# What goes good over tung oil?



## ToddTurner (Apr 20, 2009)

I have just completed a small table. It is special because of many reasons and i will post it when its finished. Special because (1) it is for my wifes new office, and (2) it is all new to me. Every psrt of the table is something i have little or no experience with including the finish, which is my weakness. I decided to use tung oil. I wiped on (and off) 2 coats oftung oil on it today and it really woke up the colors and grains. Is it okay to spray water-based clear coat on top of tung? I use the Minwax poly crylic 
Whats your experience with tung oil? I like the water bourne clear coating stuff for easy clean up but im not opposed to using whatever goes best to achieve a smooth luster. Thanks fellow jocks!!!


----------



## Manitario (Jul 4, 2010)

pure tung oil or the minwax brand tung oil?
I can't comment about pure tung oil, but the "tung oil" that can be bought at most big box stores is simply a varnish/oil blend similar to Danish oil. In fact, most of the stuff labelled "tung oil" isn't even tung oil based. I have no experience with the water based poly, but the regular minwax wipe on poly will go fine as a top coat.


----------



## ClintSearl (Dec 8, 2011)

What specific product did you use? Just because the label says "Tung Oil" doesn't mean that tung oil is in the formula.

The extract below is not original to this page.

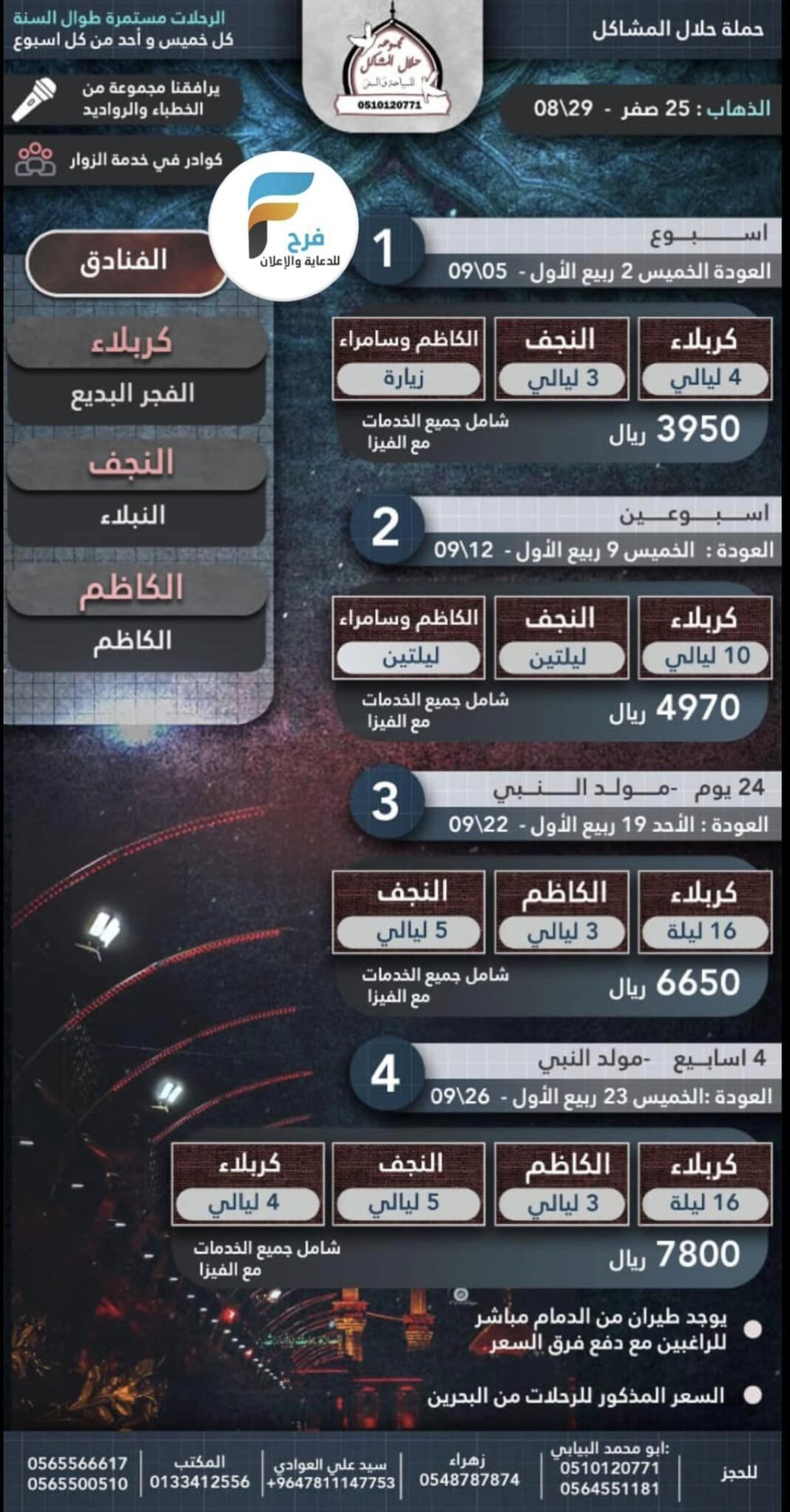 300 ريال خصم رحلات الحافلات والطيران مجموعة حلال المشاكل زيارة الأربعين / العراق 21 يوليو، 2024 3 🌺 مجموعة حلال المشاكل🌺 للحجز و الاستفسار : 0548787874 0565500510 0133412556 0565566617 0564551181 أبو محمد البيابي 0510120771 أشترك معنا في خدمة فرح : Enter the text or HTML code here شارك هذا الموضوع: النقر للمشاركة على X (فتح في نافذة جديدة) X انقر للمشاركة على فيسبوك (فتح في نافذة جديدة) فيس بوك معجب بهذه:إعجاب تحميل... مرتبط

Generally, if a drying oil is fully polymerized, you can top coat with waterborne poly without a problem.


----------



## JohnZappulla (Aug 15, 2011)

Todd,
Great question! I have never heard of any topcoat for tung oil. I've always enjoyed working with tung as it is so easy to apply and can be recoated every year or so. I know it's a slow drying finish and I would suggest you hold off on applying anything until the finishing experts address this one. 
JPZ


----------



## Rick Dennington (Aug 27, 2009)

I have a formul that I've used for years, and it works pretty good for all my projects…I use "pure" 100% t.o., and use 50% tung oil, 50% mineral spirits, and 50% polyerthane all mixed together….you get the best of both worlds that way..the mineral spirits is a drying agent, and if needed, you can add a little more for faster drying, but don't cut it too much..you can add several coats if need be to get the look you want…...


----------



## ToddTurner (Apr 20, 2009)

Hey guys thanks for the good useful feedback. Im using pure tung oil. Looks like i have a few options here that i wasnt aware of. I may even elect to use only tung oil. It looks nice now.


----------



## Weaver (Jan 1, 2012)

I've used pure tung oil on a few projects, and i have to say i really enjoy deep color it brings out.
from what i've read, it needs to cure for 30 days. (the waiting drives me nuts) but when it is done it looks great.
I have also applied a coat of Johnson's paste wax after it cures… mainly because i love it way it makes the piece feel/look.


----------



## superdav721 (Aug 16, 2010)

You can still use a 1 lb cut of shellac. You will have to use the french polish method. I would first wipe the project down with denatured alcohol. Then proceed with the french polish. BLO is a great simple finish but will not last long. The BLO - mineral spirit - Poly mix is a great idea.


----------



## Rick Dennington (Aug 27, 2009)

Todd,

I have also just used pure tung oil only, but as you already know, you have to mix it w/ mineral sprits or it'll never dry….without using m.s., it will stay tacky and sticky forever…. It all depends on what I'm suing it for, like putting 2-3 coats on my shop furniture and jigs…..it works great there, too….The BLO--mineral spirits--tung oil formula that superdav721 mentioned is also very good…..thanks superdav…I forgot about that mix…..


----------



## JAAune (Jan 22, 2012)

When in doubt, dewaxed shellac will adhere to almost all other finishes. It's a lifesaver for those doing restoration work. It is also a good sealer for use under other finishes so you can apply a coat of shellac then finish the project with your favorite topcoat.


----------